Playing around with your code and a simplified version not squaring, it makes a small difference in code-gen when you count down or up.
int sum_ints(int n) {
int a = 0;
//for (int i=0 ; i<n ; i++) a += i; // count up, skipping n
while (n--) a += n; // count down, skipping n
return a;
}
Negative n
would have UB with your version, as the loop would run to INT_MIN--
, and overflow a
first. So clang might or might not be using that to assume that the initial n
is non-negative. But if not, IDK why it makes more complicated code that multiplies twice.
// count down version, starting with a += n-1, so x = n-1 in the usual formulae.
// clang15 -O3
sum_ints(int):
cbz w0, .LBB0_2 // only bail on zero, not negative.
sub w8, w0, #1 // n-1
sub w9, w0, #2 // n-2
umull x10, w8, w9 // (n-1)*(n-2)
madd w8, w8, w9, w0 // w8 = (n-1)*(n-2) + n
lsr x9, x10, #1 // w9 = (n-1)*(n-2)/2
mvn w9, w9 // w9 = ~w9 = -w9 - 1
add w0, w8, w9 // (n-1)*(n-2) - (n-1)*(n-2)/2 + n - 1 I think?
.LBB0_2:
ret
// count up version, ending with n-1. clang15 -O3
sum_ints(int):
subs w8, w0, #1 // n-1
b.lt .LBB0_2
sub w9, w0, #2 // n-2
umull x9, w8, w9 // (n-1)*(n-2)
lsr x9, x9, #1 // . / 2
add w0, w8, w9 // (n-1)*(n-2)/2 + (n-1) = (n-1)*(n-2 + 2)/2
// = the usual x * (x+1 )/2 for x=n-1
ret
.LBB0_2:
mov w0, wzr // separate return path for all negative inputs
ret
Other types of loop pattern-recognition / replacement
GCC and clang do pattern-recognition for loops that count set bits, as well as the standard bithack that people will have copy/pasted from SO. (This is useful because ISO C fails to provide a portable way to express this operation that most modern CPUs have. And ISO C++ only fixed that deficiency in C++20 with <bit>
, or via std::bitset<32>
.count()
). So some real codebases just have a bithack or simple loop over set bits instead of __builtin_popcount
because people prefer simplicity and want to leave performance up to the compiler.
These pattern-recognizers only work on some specific ways to implement popcount
, namely the x &= x-1; count++
; it would presumably cost too much compile time to try to prove equivalence for every possible loop. From that, we can be pretty sure that these work by looking for a specific implementation, not at what the result actually is for every possible integer.

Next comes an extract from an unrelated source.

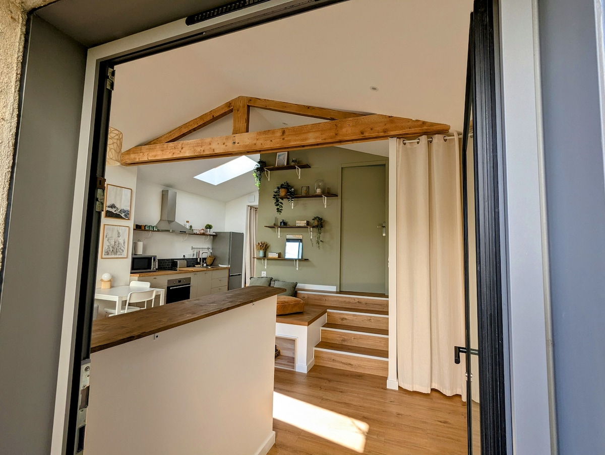Prostornih 80 m² z 2 spalnicama, prenovljeno, združuje udobje, mir in vrhunsko opremo. Idealno za družine ali poslovna potovanja - sprejme do 7 oseb s kakovostno posteljnino, vlakni in zasebno savno za sprostitev. Toplo vzdušje, mirno okolje. Center mesta Nantes se nahaja 5 minut hoje do tramvaja in je v neposredni bližini križišča, 10 minut vožnje. Bivališče, ki je zasnovano tako, da se boste počutili kot doma, ne glede na to, ali potujete ali ste na počitnicah.

The variable names of course don't matter, but the sequence of operations on the input variable does. I assume there's some flexibility in reordering operations in ways that give the same result when checking for equivalence. In GCC's case, apparently number_of_iterations_popcount
is the name of the function that discovers this: compilers often want to know how many iterations a loop will run for: if it's a small constant they may fully unroll it. If it can be calculated from other variables before starting the loop, it's a candidate for auto-vectorization. (GCC/clang can't auto-vectorize search loops, or anything else with a data-dependent if()break.)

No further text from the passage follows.